Could the lines from the top of the material to the line that contains "Die Akropolis thront oberhalb von Athen" be retyped exactly, both included and pictures omitted?

### Exercise data:
=======

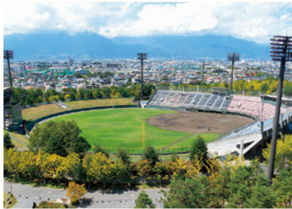
ネーミングライツで「山日YBS球場」に愛称が決まった小瀬スポーツ公園野球場

企業が公共施設のスポンサーとなり愛称を付けるネーミングライツが、小瀬スポーツ公園野球場に導入されました。株式会社山梨放送がスポンサーに決定し3月1日から「山日YBS球場」の愛称が使用されています。 県では、この愛称が皆さんに親しまれ定着するよう普及に努めていきます。 同球場の他に、小瀬スポーツ公園陸上競技場に「山梨中銀スタジアム」、県民文化ホールに「コラーナ文化ホール」、八ヶ岳薬用植物園に「シミック八ヶ岳薬用植物園」の愛称が付けられています。
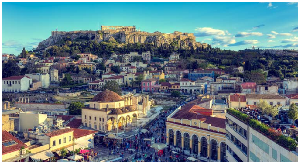
Die Akropolis thront oberhalb von Athen

Der Peloponnes gehört zweifellos zu den schönsten und abwechslungsreichsten Landschaften Griechenlands: lange, mit Dünen gesäumten Sandstrände an der Westküste, aufragende Gebirgszüge, bilderbuchschöne Aussichten über Schluchten und verträumte Meeresbuchten, traditionelle Dörfer und alte Klöster. Berühmte Ausgrabungsstätten wie Epidaurus und Mykene, römische Thermen, antike Museen, oder Klöster mit kunstvollen Fresken. Auch geschichtlich ist die Region einzigartig. Ein Tagesausflug führt, wenn Sie mögen, nach Athen, wo die Akropolis und die Plaka besucht werden. Über 2.000 Jahre alte Kulturen und beeindruckende Ausgrabungsstätten. Wenn Sie die Ausflüge gebucht haben, erkunden Sie, bequem, ohne lästiges Kofferpacken, eine der abwechslungsreichsten Gegenden Griechenlands. Genießen Sie typische Spezialitäten und tauchen Sie ein in die lebendige Geschichte der Götter- und Heldensagen!

=======

### Exercise response:
ネーミングライツで「山日YBS球場」に愛称が決まった小瀬スポーツ公園野球場

企業が公共施設のスポンサーとなり愛称を付けるネーミングライツが、小瀬スポーツ公園野球場に導入されました。株式会社山梨放送がスポンサーに決定し3月1日から「山日YBS球場」の愛称が使用されています。 県では、この愛称が皆さんに親しまれ定着するよう普及に努めていきます。 同球場の他に、小瀬スポーツ公園陸上競技場に「山梨中銀スタジアム」、県民文化ホールに「コラーナ文化ホール」、八ヶ岳薬用植物園に「シミック八ヶ岳薬用植物園」の愛称が付けられています。
Die Akropolis thront oberhalb von Athen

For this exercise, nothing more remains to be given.